The minors are being held separately in a social rehabilitation center, where all their needs will be looked after, Abdelrahman said.
There was no independent confirmation of the numbers arrested.
“We want the international community to put pressure on the rebel groups to release the child soldiers” Amira el-Fadil, secretary general of the national council for child welfare, said after the news conference.
The UN children’s fund and International Committee of the Red Cross (ICRC) said they had not yet seen the minors but confirmed that the government had consulted them on how they should be treated.
“We have no confirmation of numbers, but we were aware that children were probably involved,” UNICEF spokesman Edward Carwardine said.
“We are welcoming the fact that those minors are going to be taken care of ... and we are happy to help as an advisory body on issues related to their detention,” ICRC spokesman Saleh Dabbakih said.

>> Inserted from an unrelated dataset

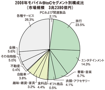なお、セグメント別に見ると、2001年では、着信メロディを中心とするエンタテインメントがモバイルコマース市場全体の70%を占めているが、2006年には旅行やサービスにおけるモバイルコマースが進展し、セグメント間の格差は縮小すると思われる。

Meanwhile, the UN said on Thursday it had evacuated 250 civilian staff from the oil-rich region of Abyei following three days of clashes between the Sudanese army and former southern rebels.
Abyei lies just north of the disputed boundary line between north and south Sudan, which fought a civil war for more than two decades ending in a 2005 peace agreement. It is a volatile region that remains contested between northerners and southerners following the peace.
The clashes began on Tuesday between forces of the Sudanese army and the semi-autonomous south’s Sudan People’s Liberation Army.
Khaled Mansour, a spokesman for the UN Mission in Sudan, said there was concern for the safety of civilians and overcrowding in the mission’s compound in the town where people sought refuge from the clashes.
“We believe that their [staff] safety and security was threatened,” he said from Khartoum, adding that some 400 UN peacekeepers remained in Abyei.